Liquid Glass is Apple's next-generation material design system introduced at WWDC 2025. It represents a significant evolution from previous materials (Aqua, iOS 7 blurs, Dynamic Island) by creating a new digital meta-material that:
- **Dynamically bends and shapes light** (lensing) rather than scattering it
- **Moves organically** like a lightweight liquid, responding to touch and app dynamism
- **Adapts automatically** to size, environment, content, and light/dark modes
- **Unifies design language** across all Apple platforms (iOS, iPadOS, macOS, axiom-visionOS)
**Core Philosophy**: Liquid Glass complements the evolution of rounded, immersive screens with rounded, floating forms that feel natural to touch interaction while letting content shine through.
---
## Visual Properties
### 1. Lensing (Primary Visual Characteristic)
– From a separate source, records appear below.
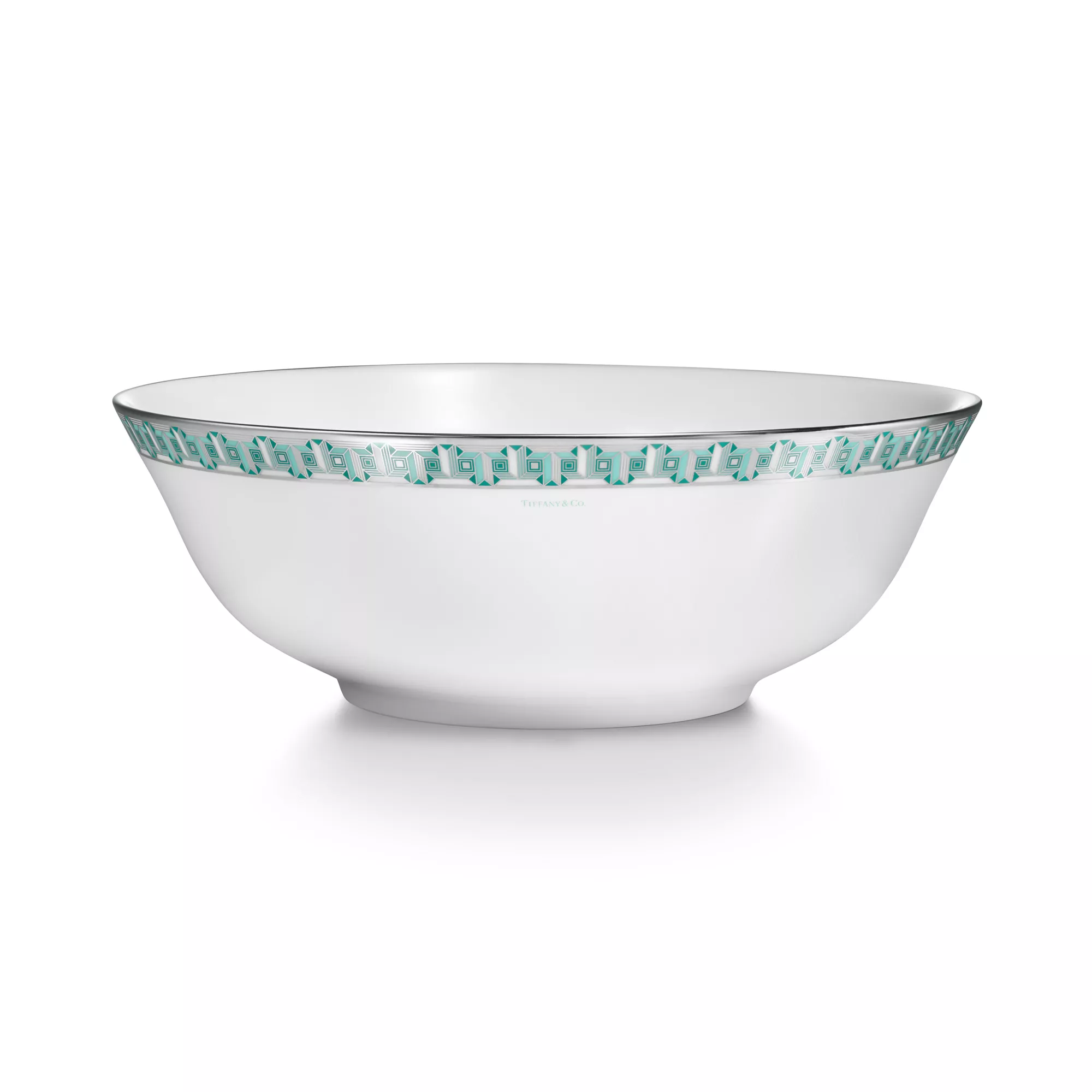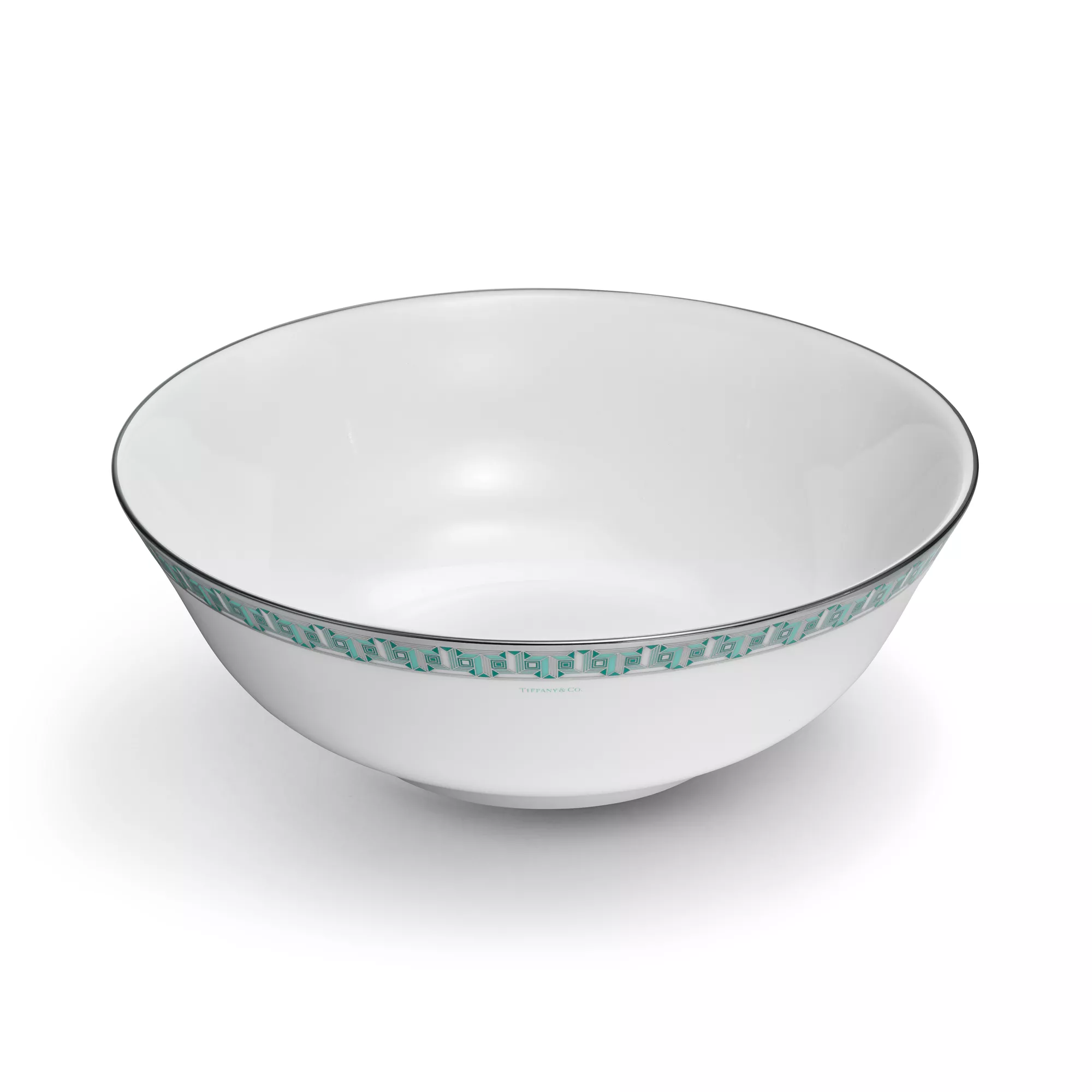 Ispirato all’omonima collezione di gioielli, il servizio di piatti Tiffany T True fa risplendere la tua tavola. Realizzata in porcellana di Limoges, questa insalatiera è decorata con un’interpretazione geometrica del motivo Tiffany T True e presenta un bordo in platino dipinto a mano. Da abbinare agli articoli della collezione Tiffany T True per un look coordinato o ad altre collezioni Tiffany Home.
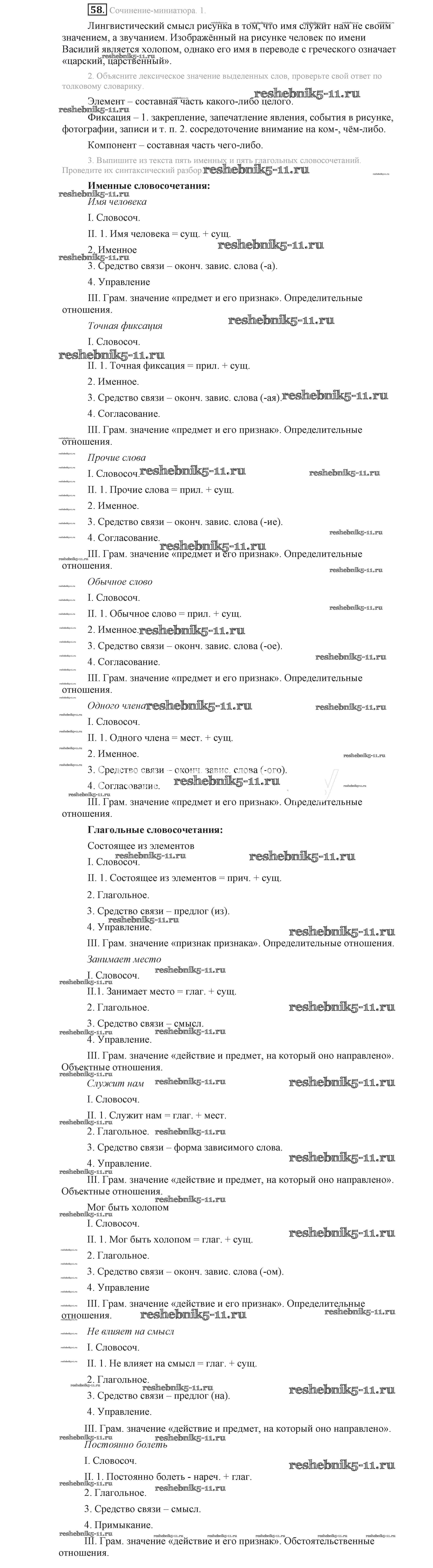 Готовая домашняя работа с ответами по Русскому языку за 9 класс Львова, Львов Учебник Мнемозина 2016 ФГОС - Упражнения 58
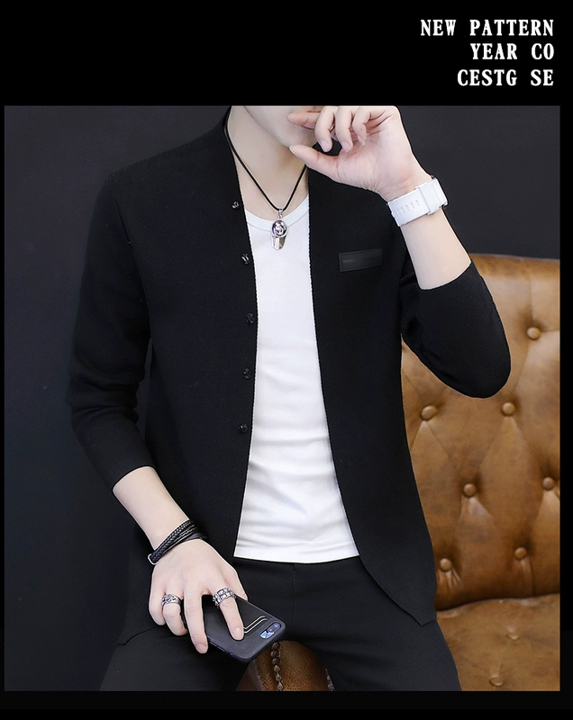 Áo len nam mùa thu 2019 mới mặc áo len dệt kim kiểu Hàn Quốc mỏng mảnh mỏng hợp thời trang áo len nam - Cardigan
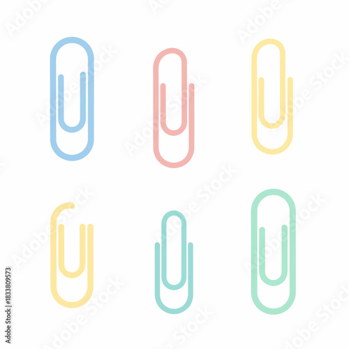 paper clip, clip, office, supply, stationery, metal, fastener, document, organisation, binder, attach, hold, secure, tool, equipment, item, object, design, graphic, illustration, vector, art, simple, minimalist, clean, modern, isolated, white, background, blue, pink, yellow, green, pastel, colours, set, group, collection, row, arrangement, flat, icon, symbol, shape, outline, loop, wire, steel, work
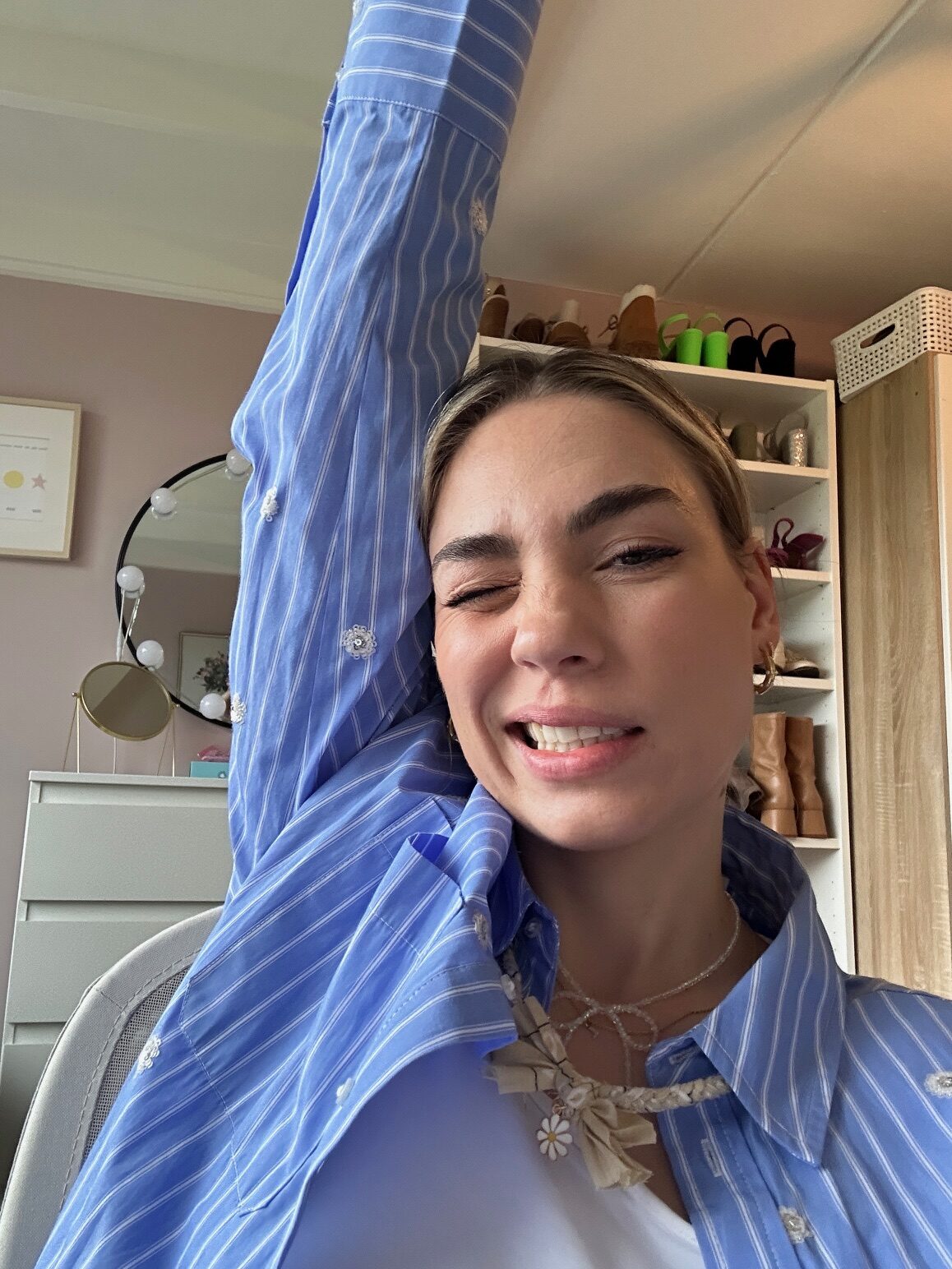 Hier zie je mijn oog al langzaam wat aftakelen naar ellende. Ik dacht dat het griepje al wel een beetje aan het overwaaien was na een paar gammele dagen maar hij begon nu eigenlijk pas haha. Uiteindelijk kreeg ik twee ontzettend ontstoken, rode, dikke ogen. Ik moet wel zeggen, ik ben echt iemand die normaal op de bres springt dat je gewoon rust moet pakken als je ziek bent maar ik ben dit keer gewoon door gegaan. Ik had er gewoon geen. zin. in. Ik wilde een leuk weekend dus ik heb het gewoon genegeerd. Soort van.
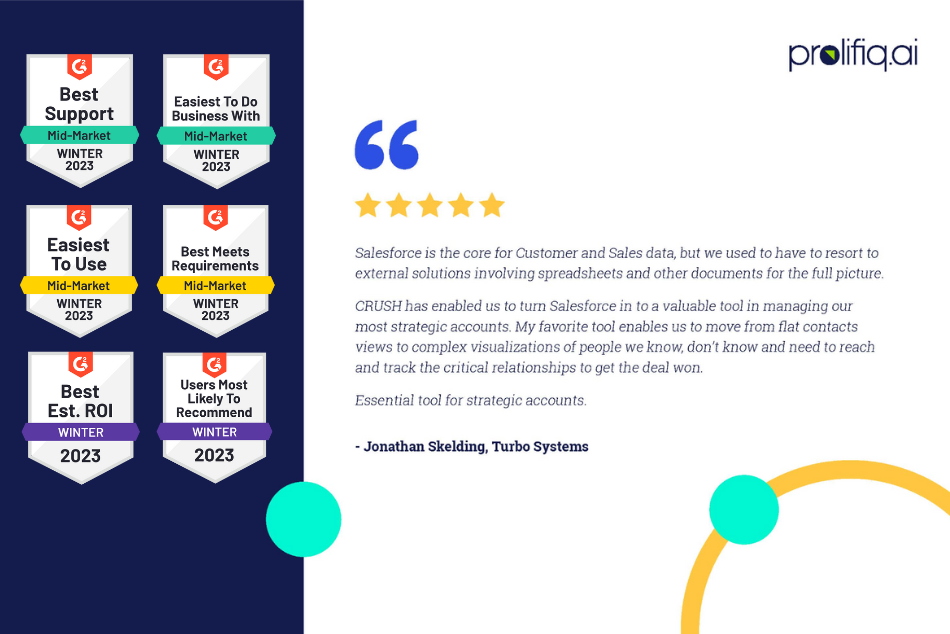 This Subscription Agreement (“Agreement”) is between Prolifiq Software Inc., an Oregon corporation, (“PROLIFIQ”) and the person or entity (“Customer”) who has ordered use of the PROLIFIQ online suite of software tools and services (the “Services”) that are available in connection with this Agreement. It constitutes the complete agreement between the parties regarding the Services, and supersedes all prior or contemporaneous agreements or representations, written or oral, concerning that same subject matter. Any modifications to this Agreement must be in writing signed by a duly authorized representative of both parties. ####PLEASE READ THIS SUBSCRIPTION AGREEMENT CAREFULLY BEFORE USING THE SERVICES. BY ENABLING USE OF THE SERVICES IN YOUR SALESFORCE.COM (“SFDC”) ACCOUNT THROUGH THE APPEXCHANGE, YOU ARE AGREEING TO THIS AGREEMENT. IF YOU ARE USING THE SERVICES ON BEHALF OF A COMPANY OR OTHER LEGAL ENTITY, YOU REPRESENT THAT YOU HAVE THE AUTHORITY TO BIND SUCH ENTITY TO THIS AGREEMENT, IN WHICH CASE THE TERMS “YOU” OR “YOUR” SHALL REFER TO SUCH ENTITY. IF YOU DO NOT HAVE SUCH AUTHORITY, OR IF YOU DO NOT UNCONDITIONALLY AGREE TO THIS AGREEMENT, YOU MUST DISABLE THE SERVICES, AND YOU WILL NOT HAVE ANY RIGHT TO USE THE SERVICES. ####TERMS AND CONDITIONS####Prolifiq provides the Services via the Customer’s SFDC AppExchange platform (the “Platform”). Any use of the Services is subject to the Customer maintaining an appropriate account with SFDC. All Customer data is stored on the Platform and PROLIFIQ has no access to such data. Any use of the Services is subject to this Agreement, which together with the Orders (defined below) form a separate agreement between PROLIFIQ and the customer listed on the Order (the “Customer”).####1. Ordering. Customer and PROLIFIQ may from time-to-time enter into orders for the Services on a form provided by PROLIFIQ (each, an “Order”), and any such Order shall be governed by this Agreement. This Agreement governs any conflicts between it and any Order. Any additional provisions that Customer may add to a purchase order or similar ordering document are hereby rejected.##2. Services; Applications. In exchange for payment of the fees listed on the Order (“Fees”) and subject to the restrictions listed below in Section 3 and any listed in the Order, Customer may have the number of Users authorized by the Order access and use the Services listed on the Order for the duration of the time period listed in the Order (the “Subscription Period”). A “User” means a specific individual identified by Customer who is an employee, contractor, consultant, or agent of Customer or any Affiliate of Customer, who is authorized by the Customer to use the Platform and who is authorized by the Customer to use the Services on Customer’s behalf. “Affiliate” means any corporation, firm, partnership or other entity that directly or indirectly controls, or is controlled by, or is under common control with Customer. Some of the Services may be provided through proprietary software applications (“Applications”). Subject to this Agreement and during the Subscription Period, PROLIFIQ grants to Customer a limited, non-exclusive, worldwide, non-transferable, non-sublicensible license to install the Applications onto Customer’s Platform instance and onto User desktops, laptops, smartphones, tablets, and other mobile devices, and to have the Users use the Applications to access and use the Services. Together, the Services and Applications are “PROLIFIQ Technology.” PROLIFIQ will use all commercially reasonable efforts to ensure that the Services are available for lawful use in accordance with the terms of this Agreement during the term of each Order at all hours of the time that the Platform is available to Customer, excluding (a) the time during initial installation of the Applications or installation of upgrades to the Applications, (b) planned downtime (of which PROLIFIQ shall give advance electronic notice), (c) any unavailability caused by circumstances beyond the reasonable control of PROLIFIQ, including without limitation any force majeure event as set forth in Section 14.6 below, or (d) any downtime caused by any act or omission of Customer or its Users or any breach or non-compliance by Customer of the terms of this Agreement.##3. Restrictions. Other than as allowed by this Agreement, Customer will not: (a) allow any person who is not a User access or use the Services through any means; (b) reverse engineer, decompile, disassemble or otherwise attempt to discover the source code of or trade secrets embodied in the Services or the Platform or to modify, copy or create derivative works based on the Services or any part, feature, function or user interface thereof; (c) distribute, transfer, sell, resell, rent, grant sublicenses, or otherwise make available the Services to third parties (including as an application service provider, service bureau, or rental source); (d) embed or incorporate in any manner the Services into websites other than the Platform; (e) except as enabled by an application programming interface released by PROLIFIQ, create add-ons, plug-ins, extensions, modifications to or derivative works of the Services; (f) use the Services in a manner not authorized under the documentation and knowledge base for the Services as set forth at www.prolifiq.com or as provided to Customer at the time of installation, as updated from time to time (“Documentation”) or the Platform or in violation of any applicable law, rule or regulation, including any export/import laws; or (g) in any way access or use the Services to directly or indirectly develop, promote, distribute, sell or support any product or service that is competitive with the Services. Other than as stated in Section 2, PROLIFIQ reserves all right, title and interest in the PROLIFIQ Technology. The PROLIFIQ Technology uses the patents listed on the PROLIFIQ 
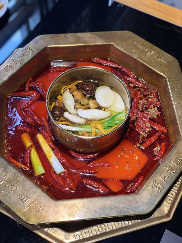 川式火锅,九宫格造型的红汤确实有创意,方便捞取;味道出彩,蘸料齐全,自行调味。生意好,经常需要排队。
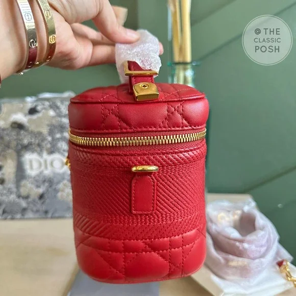 **POSHMARK PRICE IS FIRM DUE TO FEES THANKS FOR UNDERSTANDING.ALL ITEMS ARE CROSSPOSTEDANDCAN BE SOLD WITHOUT PRIOR NOTICE**INCLUDES : box, dust, card, tags, strapBrand new never used! Retails $3000 plus taxesThe DiorTravel vanity case is crafted in black supple lambskin and showcases shiny antique gold-finish metal details. It is enhanced by Cannage topstitching and a band embossed with the 'CHRISTIAN DIOR' signature. The design can accommodate a phone, a wallet, a case for AirPods and a notebook. The small accessory is an ideal daily companion and can be carried by hand, worn over the shoulder or crossbody thanks to its handle and removable shoulder strap.* 'CHRISTIAN DIOR' signature on the front* Zip closure* Top handle* 1 large compartment* 2 patch pockets* Removable and adjustable leather shoulder strap* Shiny antique gold-finish metal details* Made in ItalyDimensions: 18.5 x 13 x 10.5 cm / 7.5 x 5 x 4 inchesPLEASE ENLARGE ALL PICTURES. PICTURES ARE PART OF THE DESCRIPTION.SOLD AS IS. GUARANTEED AUTHENTIC. ALL SALES ARE FINAL.ALL ITEMS ARE CROSSPOSTED AND MAY BE SOLD WITHOUT PRIOR NOTICE.
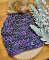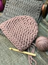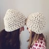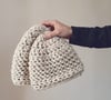 This pattern is worked from the top down and can be made in 3 sizes: S (child), M, & L. It uses a 12mm crochet hook and any super bulky yarn. This pattern works best if the yarn is a 5 WPI.

Liquid Glass defines itself through **lensing** — warping and bending light to communicate presence, motion, and form. Elements materialize in/out by modulating light bending (not fading). Controls feel ultra-lightweight yet visually distinguishable.
### 2. Motion & Fluidity
- Responds to interaction by flexing with light
- Gel-like flexibility communicates transient, malleable nature
- Elements lift into Liquid Glass on interaction (controls)
- Dynamic morphing between app states as a singular floating plane
### 3. Adaptive Behavior
Liquid Glass **continuously adapts** without fixed light/dark appearance:
- Shadows intensify when text scrolls underneath; tint shifts for legibility
- Small elements (navbars) independently flip light/dark; large elements (menus, sidebars) don't flip but adapt depth
- Ambient environment subtly spills onto surface
---
## Implementation Guide
### Basic API Usage
#### SwiftUI: `glassEffect` Modifier
```swift
// Basic usage - applies glass within capsule shape
Text("Hello")
.glassEffect()
// Custom shape
Text("Hello")
.glassEffect(in: RoundedRectangle(cornerRadius: 12))
// Interactive elements (iOS - for controls/containers)
Button("Tap Me") {
// action
}
.glassEffect()
.interactive() // Add for custom controls on iOS
```
**Automatic Adoption**: Simply recompiling with Xcode 26 brings Liquid Glass to standard controls automatically.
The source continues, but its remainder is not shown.